- Activity: Text only, exactly as given: reproduce the entries below without their pictures.

BEGIN Raw data

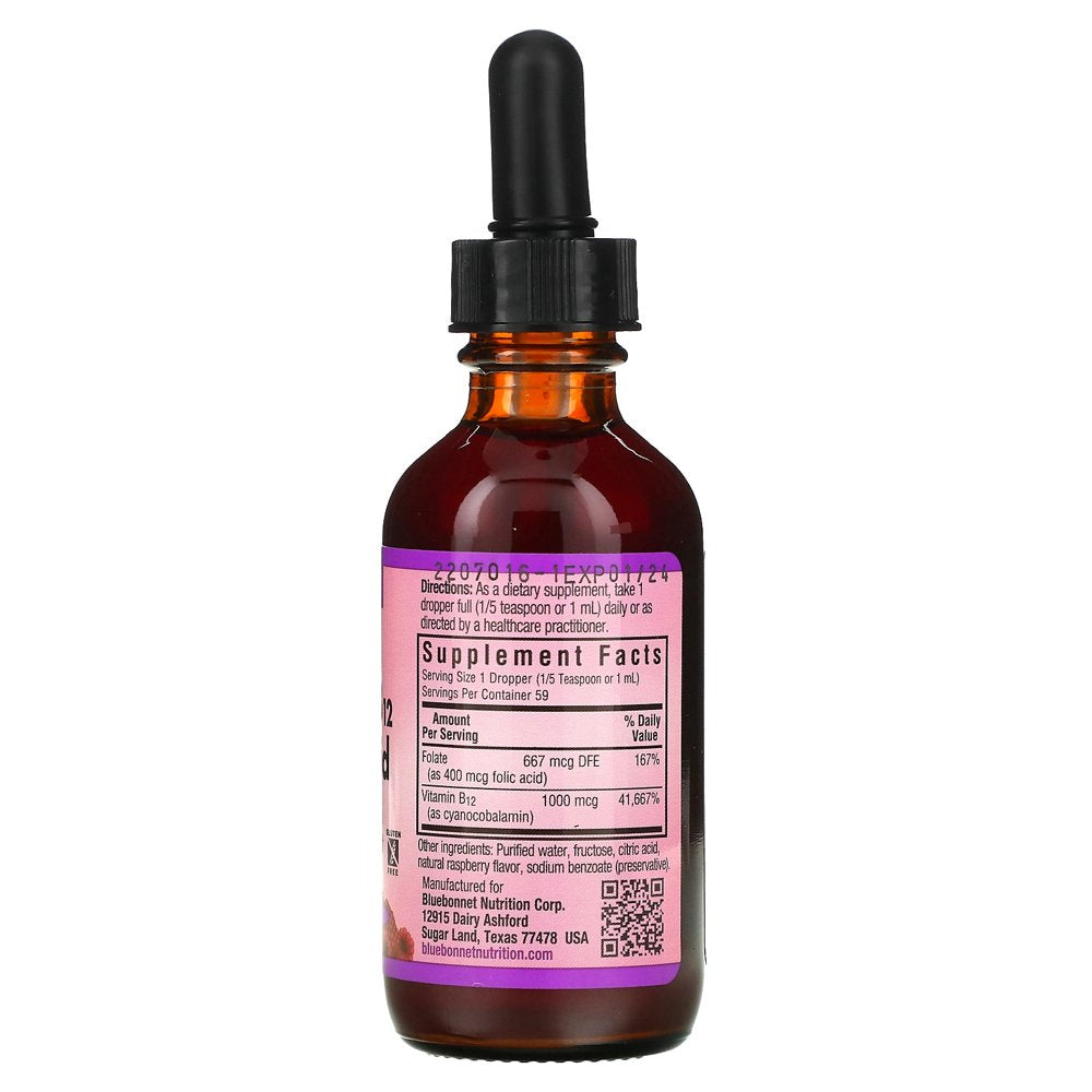 Bluebonnet Nutrition Liquid Vitamin B-12 & Folic Acid Natural Raspberry Flavor 2 oz. (59 ml) Bluebonnet’s Liquid Vitamin B-12 & Folic Acid contains 1000 mcg of pure, fast-acting vitamin B-12 and 400 mcg of folic acid in a delicious, natural raspberry flavor. Natural Raspberry Flavor Dietary Supplement VitaminsVitamins differ from macronutrients like carbohydrates, proteins and fats by virtue of the amount required. Typically, minuscule amounts are needed in comparison.
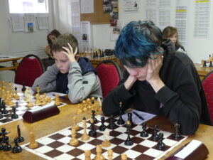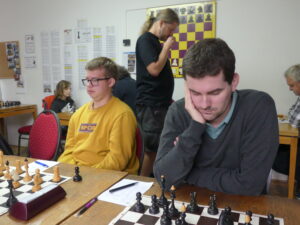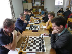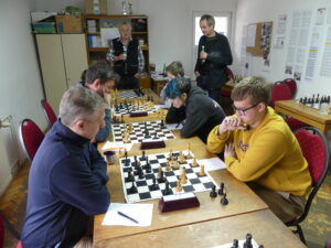 My to máme trochu jinak. Vepředu dvě těžké váhy a jedna polotěžká (hehe)… a pak záplava mladých, kteří by měli rating minimálně obhájit, ideálně povýšit. Prvního soupeře jsme se ale rozhodli zmást/vykolejit z přípravy/rozesmát, anžto se Vlasta i Kuba s předstihem omluvili. Pěkně děkuju 🙂 Pak už v pořadí 3-10 beze ztrát, k první vážné za družstva usedá Jožka Chmelař, jenž je poctěn úlohou řidiče stejně jako Tom Kodytek. Jelikož velím, trasuji nejen cestu, ale také nabádám spoluhráče k přípravě, cvakání diagrámků (neb speciálně taktika na úvod selhává), vhodnou rozcvičkou jest i čtvrteční oddílák, na který jsem se ale sám nedostavil.
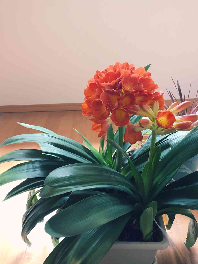 おうちのクンシランがいつのまにか満開でした。鮮やかな色のオレンジにハッとします。
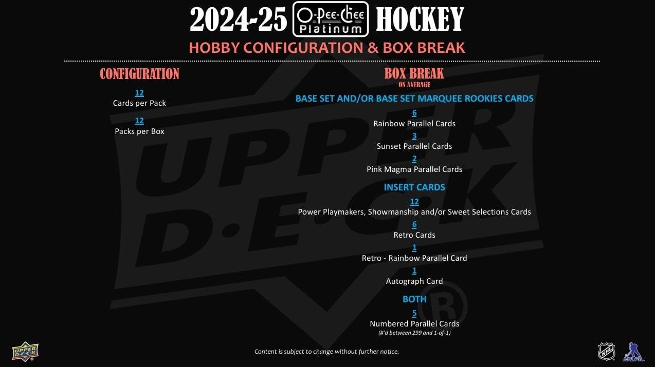 2024-25 Upper Deck O-Pee-Chee Platinum Hockey Hobby Balíček
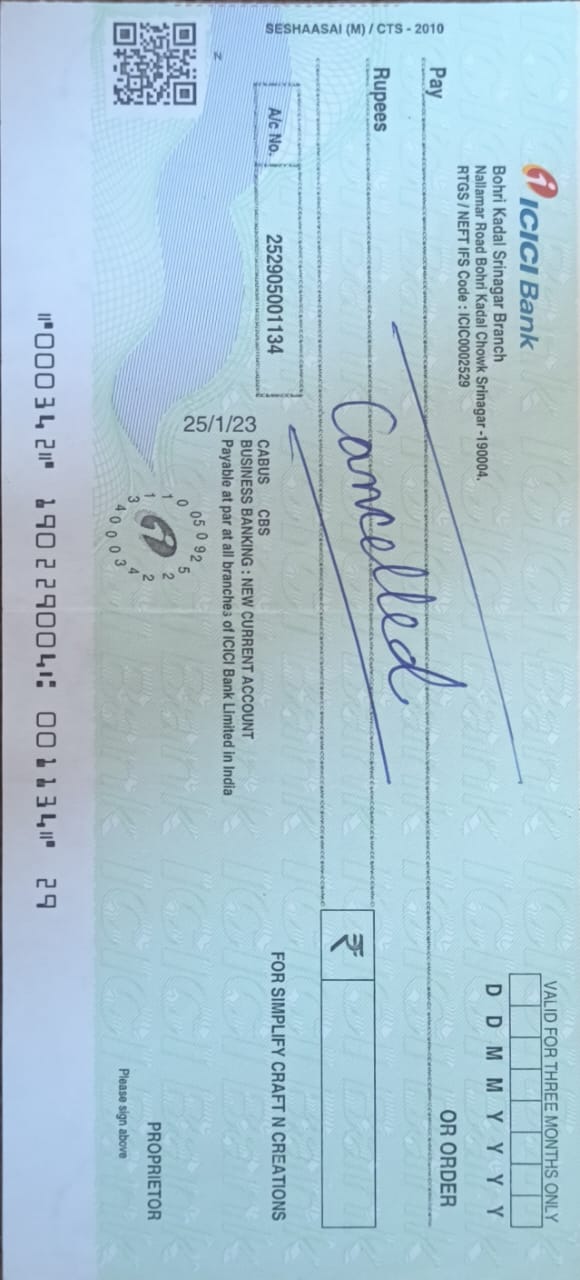 Account Holder Name SIMPLIFY CRAFT N CREATIONS
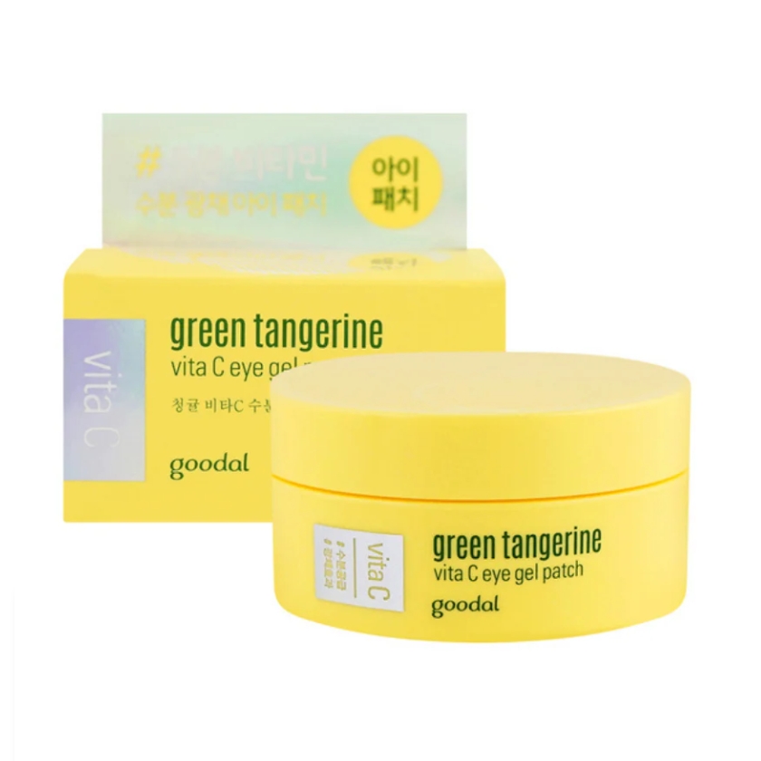 Осветляющие патчи для век Goodal Green Tangerine Vita C Eye Gel Patch тонизируют, освежают и увлажняют, отбеливают гиперпигментацию и уменьшают тёмные круги под глазами, делают взгляд отдохнувшим и свежим, борются с отёками.
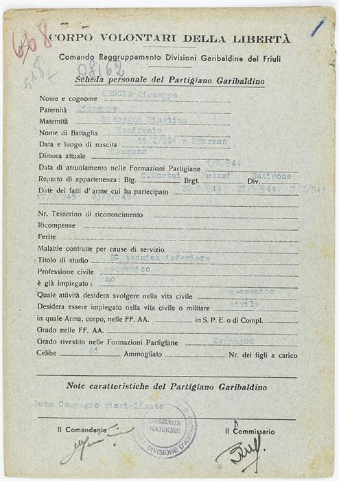ANPI - Comitato provinciale di Udine - Fondo Schede Anagrafiche
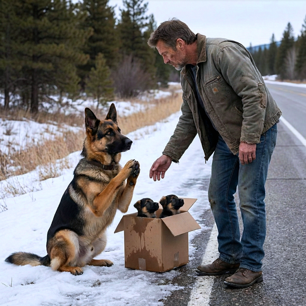 Pourtant, le destin a d’autres plans pour lui un matin d’hiver glacial.Au bord de la route, Marcus aperçoit quelque chose qui le force à freiner : un berger allemand affamé, assis immobile, presque en position de prière, comme s’il attendait quelque chose qui n’arrivera jamais.

END Raw data

- Response box:
 Bluebonnet Nutrition Liquid Vitamin B-12 & Folic Acid Natural Raspberry Flavor 2 oz. (59 ml) Bluebonnet’s Liquid Vitamin B-12 & Folic Acid contains 1000 mcg of pure, fast-acting vitamin B-12 and 400 mcg of folic acid in a delicious, natural raspberry flavor. Natural Raspberry Flavor Dietary Supplement VitaminsVitamins differ from macronutrients like carbohydrates, proteins and fats by virtue of the amount required. Typically, minuscule amounts are needed in comparison.
 My to máme trochu jinak. Vepředu dvě těžké váhy a jedna polotěžká (hehe)… a pak záplava mladých, kteří by měli rating minimálně obhájit, ideálně povýšit. Prvního soupeře jsme se ale rozhodli zmást/vykolejit z přípravy/rozesmát, anžto se Vlasta i Kuba s předstihem omluvili. Pěkně děkuju 🙂 Pak už v pořadí 3-10 beze ztrát, k první vážné za družstva usedá Jožka Chmelař, jenž je poctěn úlohou řidiče stejně jako Tom Kodytek. Jelikož velím, trasuji nejen cestu, ale také nabádám spoluhráče k přípravě, cvakání diagrámků (neb speciálně taktika na úvod selhává), vhodnou rozcvičkou jest i čtvrteční oddílák, na který jsem se ale sám nedostavil.
 おうちのクンシランがいつのまにか満開でした。鮮やかな色のオレンジにハッとします。
 2024-25 Upper Deck O-Pee-Chee Platinum Hockey Hobby Balíček
 Account Holder Name SIMPLIFY CRAFT N CREATIONS
 Осветляющие патчи для век Goodal Green Tangerine Vita C Eye Gel Patch тонизируют, освежают и увлажняют, отбеливают гиперпигментацию и уменьшают тёмные круги под глазами, делают взгляд отдохнувшим и свежим, борются с отёками.
ANPI - Comitato provinciale di Udine - Fondo Schede Anagrafiche
 Pourtant, le destin a d’autres plans pour lui un matin d’hiver glacial.Au bord de la route, Marcus aperçoit quelque chose qui le force à freiner : un berger allemand affamé, assis immobile, presque en position de prière, comme s’il attendait quelque chose qui n’arrivera jamais.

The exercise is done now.